GNMI input in Telegraf
After setting up the gnmi input. We will set up the Starlark processor. This is required due to the (XML API) output being in format that cannot directly be processed to InfluxDB.
# Starlark processor
[[processors.starlark]]
script = "/etc/telegraf/parse_gc_json.star"
# Apply this processor only to gnmi_globalcounters
namepass = ["gnmi_globalcounters"]
Starlark processor in Telegraf
We also need to set up the Starlark script (parse_gc_json.star). This will parse the data from the gnmi plugin output and output proper InfluxDB metrics.
# Load the necessary extensions (json for parsing the JSON data and time to create necessary timestamps)
load("json.star", "json")
load("time.star", "time")
def apply(metric):
# We set one timestamp (now) to output all metrics with the same timestamp
current_timestamp = time.now().unix_nano
# Access the message field from the metric
json_str = metric.fields.get("message", "")

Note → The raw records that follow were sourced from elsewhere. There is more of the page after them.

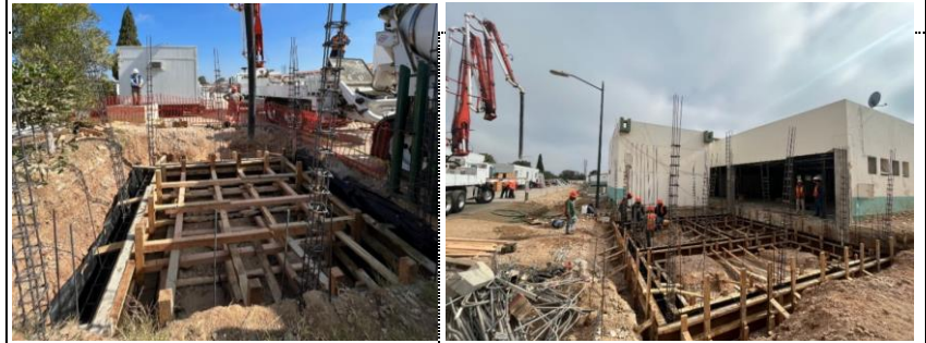
Colado de zapatas en subestación receptora. Colado de zapatas en Taller de conservación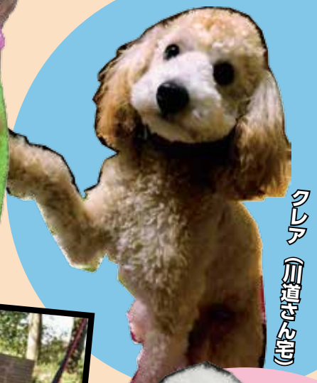
クレア (川道さん宅)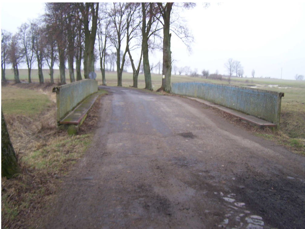
Droga powiatowa Nr 1703N wraz z mostem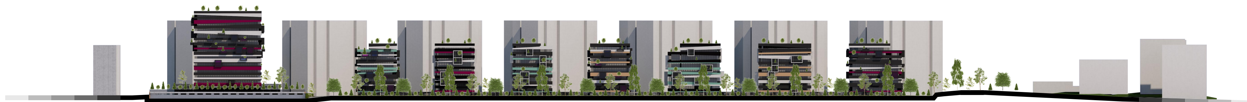
DESFASURATA strada propusa paralela cu strad LIVEZENI scara 1:1000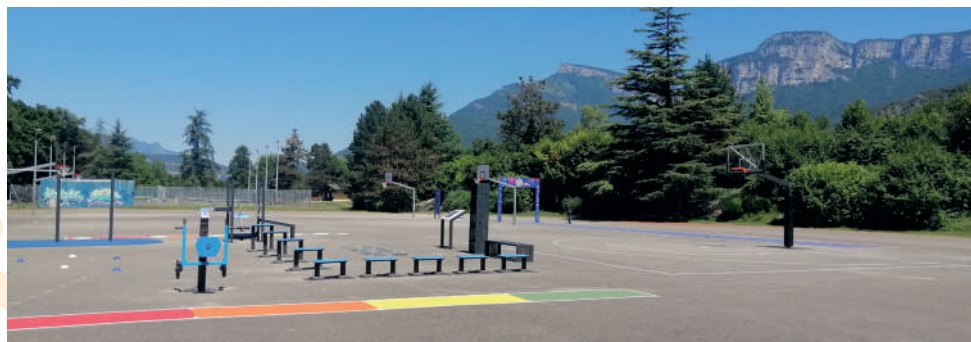
Anneau sportif à la base de loisir du plan d'eau : terrain de basket 3x3, aires de fitness dont 1 spécifiquement dédiée aux seniors.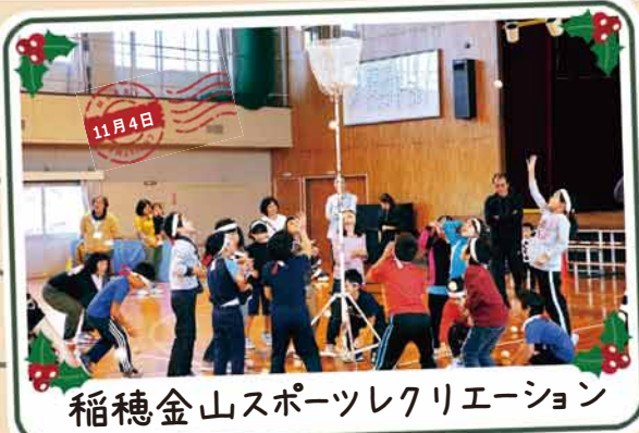
稲穂金山スポーツレクリエーション

# Decode the message field to proper JSON
parsed = json.decode(json_str)
# Set up new array to save the processed data
metrics = []
# Set counters variable as the global counters entry array (we will loop through all the Global Counter entries)
counters = parsed["response"]["result"]["global"]["counters"]["entry"]
# Loop through the counter array
for counter in counters:
# Set up new metric name
new_metric = Metric("globalcounters_oc_xmlapi")
# Gather data that you want from the Global Counters. In this case I'm getting the counter value, name and severity. I will also set the metric timestamp as the current time (set as a variable in the beginning)
new_metric.fields["value"] = int(counter["value"])
new_metric.tags["name"] = counter["name"]
new_metric.tags["severity"] = counter["severity"]
new_metric.time = int(current_timestamp)
# Append the new parsed metric into the new metrics array
metrics.append(new_metric)
# Return the new metrics array to Telegraf
return metrics
Starlark script (parse_gc_json.star) for parsing the Global Counter data
Next we will set up InfluxDB output plugin to send the processed metrics to InfluxDB. You can also use temporary file to test and debug the output before sending it to the database.
# InfluxDB v2 output
[[outputs.influxdb_v2]]
urls = ["http://influxdb:8086"]
token = "TOKEN"
organization = "ORG"
bucket = "BUCKET"
# If you have multiple inputs (like I do), filter this InfluxDB output to only contain the processed data by Starlark. Be sure to use the correct name (new metric name set in Starlark) to correctly match the namepass filter.
namepass = ["globalcounters_oc_xmlapi"]
InfluxDB v2 output in Telegraf
Now when checking in the InfluxDB, you can see the properly parsed data.

Next steps would be graphing the data in Grafana (for example). If needed, you can check my previous posts on how to do this.